§ Goal of the exercise
Wherever "elegant" appears in a line of the records below, count that line, and report only the number.

§ Data supplied
====================

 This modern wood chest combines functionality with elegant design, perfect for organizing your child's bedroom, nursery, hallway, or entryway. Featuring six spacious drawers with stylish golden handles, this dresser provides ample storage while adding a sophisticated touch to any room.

====================

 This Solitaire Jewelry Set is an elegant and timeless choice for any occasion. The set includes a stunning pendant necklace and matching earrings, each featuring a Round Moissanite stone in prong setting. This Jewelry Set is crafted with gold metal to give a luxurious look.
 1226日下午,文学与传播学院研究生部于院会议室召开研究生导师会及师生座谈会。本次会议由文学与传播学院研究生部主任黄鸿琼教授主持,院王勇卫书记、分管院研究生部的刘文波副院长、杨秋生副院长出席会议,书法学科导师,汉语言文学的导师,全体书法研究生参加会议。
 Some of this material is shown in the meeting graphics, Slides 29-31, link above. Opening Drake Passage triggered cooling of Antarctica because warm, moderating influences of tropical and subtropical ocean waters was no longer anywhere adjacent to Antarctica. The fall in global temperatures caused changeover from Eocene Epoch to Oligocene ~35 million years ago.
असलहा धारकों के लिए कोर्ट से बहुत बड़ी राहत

====================

§ Response to the task
2